On Apr 1, 2009, at 6:38 AM, Margaret Wasserman wrote:
One problem with this name is that a NAT66 device is _not_ stateless. It requires configured/static state to function -- at least the two prefixes between which it is translating.
In the work in Behave, we have very carefully defined "state" to mean "dynamic state" as opposed to "configuration". RFC 2765, Stateless Address Translation, has configuration as well (at minimum it has to be turned on). I think Remi is using the same line of reasoning here. Yes, it uses configuration (of an inside and an outside prefix), but there is no per-flow or per-end-system state maintained. As a result, if I want to load-share across two identically-configured NAT66 devices, I don't need to coordinate - they both have the information they need to come up with the same result.
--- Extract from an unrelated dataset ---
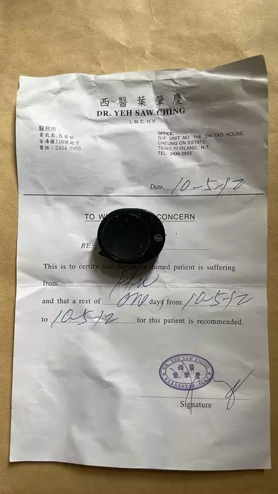 有街坊於Facebook群組「青衣街坊吹水會」上載了一張2012年葉肇慶醫生開出的病假紙照片,並表示得知葉醫生數月前已離世的消息。這張病假紙是其哥哥保留下來的,以此紀念這位仁心仁術的醫生。

In my experience, the terms NAT44, NAT64, NAT46 and NAT66 are the _names_ of specific IETF proposals. The terms IPv4 NAT and IPv6 NAT are used to generically identify IPv4-to-IPv4 NAT devices and IPv6- to-IPv6 NAT devices, respectively.
I agree, and at the same time I am aware that people use these terms in a generic sense. In the behave context, I am trying to replace both the names IVI and NAT46 (which are names of specific proposals) with reference to IPv4/IPv6 translation, and am getting pushback that "that is generically called NAT46", which happens to be the name of one document in a four document set. It is very confusing.
I agree that we are better talking about "IPv4/IPv4 NAT", "IPv6/IPv6 something", and "IPv4/IPv6 translation" as the generic terms.
That said, I think Remi has made a good suggestion here. Calling it Stateless Address Translation makes sense, I think.